I use Foresight Linux on my work computer. I don’t know if I’ve said it here, but I consider Foresight 2.1.0 to be one of the best releases of that distribution. I only had a few gripes: Evolution was still quirky (but that’s mostly Evolution’s fault), and Intel GMA acceleration left a lot to be desired — scrolling in applications, such as Firefox was unacceptable, and compiz was not ready yet.
Over the last month or so, Ken and the Foresight community have been quietly working on improving Foresight by bumping GNOME to version 2.26, as well as fixing issues regarding Intel GMA acceleration.
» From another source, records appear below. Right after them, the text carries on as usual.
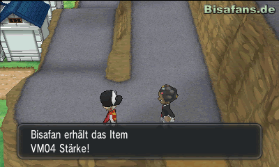 Gehst du – wieder draußen - rechts den Fahrradweg nach oben kommt dir eine Person entgegen und schenkt dir die VM04 Stärke. Mit Hilfe dieser Attacke kannst du große Steine aus dem Weg schieben und dir so neue Wege zu Items oder ähnlichem schaffen. Folgst du dem Weg nun nach unten siehst du links ein Item auf dem Berg liegen. Hol es dir indem du den Hang hinab rutschst. Sobald du das getan hast kannst du X-Abwehr dein Eigen nennen. Geh den selben weg wieder zurück und klicke vor dem Höhleneingang auf den untersten Stein. Dort findest du das Item Protein. Folge dem Weg bis ganz nach oben auf den Berg und fahre den Abgang einmal hinunter. Gehst du dann nach unten kannst du an das Item X-Spezial gelangen. Fahre nun den nächsten Abhang hinunter und schau hinter den Bänken weiter unten nach einem Item. Dort befindet sich ein Supertrank. Von dort aus musst du nun wieder zurück zum großen Höhleneingang. Betrittst du nun die Höhle findest du dich in der Arena der Stadt wieder.
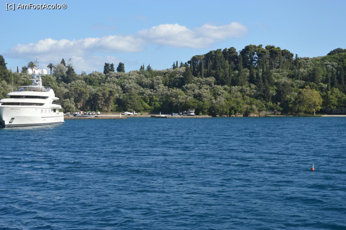 [P20] Yahtul "Christina" ancorată în portul privat al insulei Scorpios văzut de pe nava de croazieră Makedonia Palace.
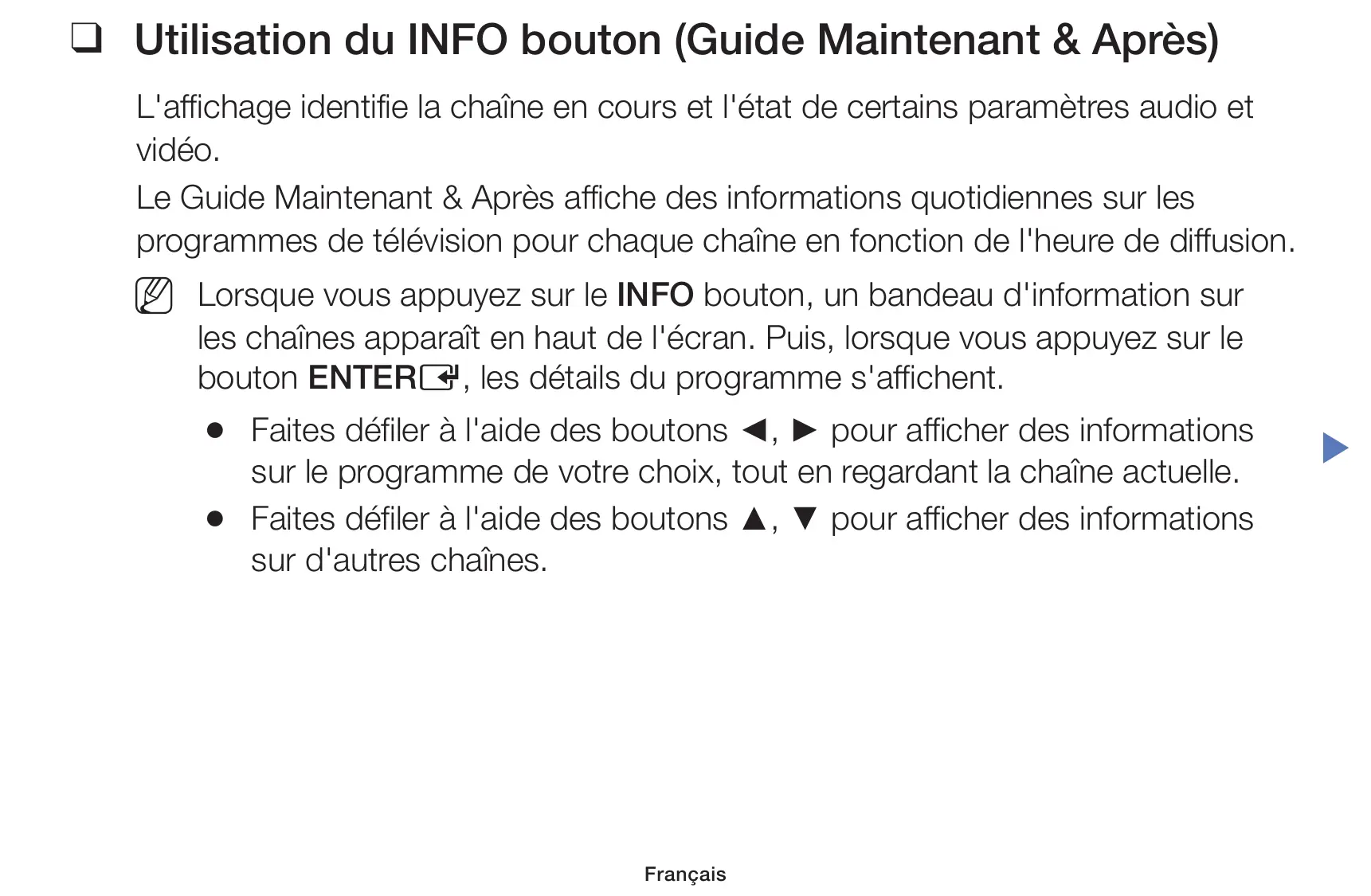 ❑❑ Utilisation du INFO bouton (Guide Maintenant & Après) L'affichage identifie la chaîne en cours et l'état de certains paramètres audio et vidéo. Le Guide Maintenant & Après affiche des informations quotidiennes sur les programmes de télévision pour chaque chaîne en fonction de l'heure de diffusion. NN Lorsque vous appuyez sur le INFO bouton, un bandeau d'information sur les chaînes apparaît en haut de l'écran. Puis, lorsque vous appuyez sur le bouton ENTERE, les détails du programme s'affichent. ●● Faites défiler à l'aide des boutons ◄, ► pour afficher des informations sur le programme de votre choix, tout en regardant la chaîne actuelle. ●● Faites défiler à l'aide des boutons ▲, ▼ pour afficher des informations sur d'autres chaînes. Français

Yesterday, I noticed that someone was talking on #foresight about a bunch of package promotions to foresight.rpath.org@fl:2 which is the release “branch” of Foresight. I decided at the end of the day to log out of X.org, go to a console, and start a conary updateall in a screen session.
This morning, I came in: no failures in the update (226 update jobs). I then rebooted the computer (just in case there was a new kernel — I didn’t bother to look).
And, lo and behold, Foresight 2.1.1 booted up. Everything just worked.
I’m not sure what all the differences are, but I do know that Intel GMA acceleration is much better now; scrolling in applications (esp. Firefox) is an order of magnitude better than on 2.1.0. Font smoothing seems crisper, also. Compiz works great; to enable it, just select “Normal” or “Extra” under the Appearance preferences applet’s new “visual effects” tab.
Only one sour note: something in the default theme from GNOME 2.24 (in Foresight 2.1.0) caused the Appearance applet to throw up Bug Buddy on the first time I switched themes. It hasn’t happened upon subsequent theme switches, so it’s probably a minor fluke.
So, kudos to Ken and the Foresight Team! I’m looking forward to the “official” release.